- [Try it]
Using the data below, return word for word every line from the one holding "6月19日(水) 1・2年生" down to the one holding "Vintage Lovely Dachshund". Leave pictures out.

- [Excerpted records]
——————————

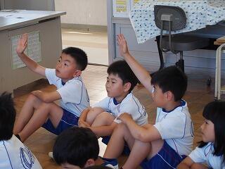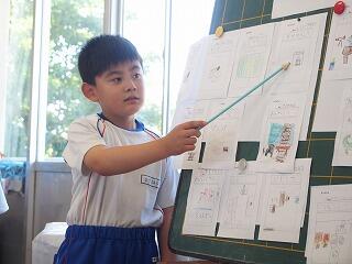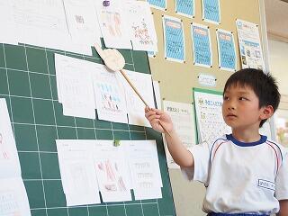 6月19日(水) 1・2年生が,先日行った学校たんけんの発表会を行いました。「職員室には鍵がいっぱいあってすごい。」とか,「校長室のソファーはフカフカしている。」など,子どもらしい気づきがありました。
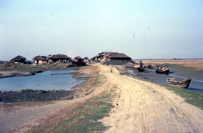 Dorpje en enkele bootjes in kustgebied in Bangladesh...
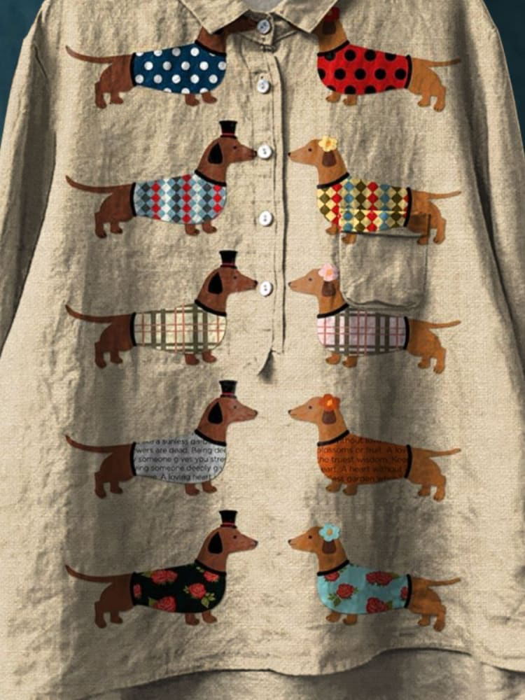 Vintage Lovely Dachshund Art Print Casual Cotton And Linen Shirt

——————————

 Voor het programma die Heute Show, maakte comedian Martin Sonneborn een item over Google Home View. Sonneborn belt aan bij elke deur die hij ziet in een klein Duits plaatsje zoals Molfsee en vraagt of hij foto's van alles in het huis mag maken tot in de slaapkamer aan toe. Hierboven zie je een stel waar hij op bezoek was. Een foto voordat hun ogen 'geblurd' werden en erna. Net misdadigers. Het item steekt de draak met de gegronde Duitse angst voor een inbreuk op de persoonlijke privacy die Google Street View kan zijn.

——————————

- [Written solution]
 6月19日(水) 1・2年生が,先日行った学校たんけんの発表会を行いました。「職員室には鍵がいっぱいあってすごい。」とか,「校長室のソファーはフカフカしている。」など,子どもらしい気づきがありました。
 Dorpje en enkele bootjes in kustgebied in Bangladesh...
 Vintage Lovely Dachshund Art Print Casual Cotton And Linen Shirt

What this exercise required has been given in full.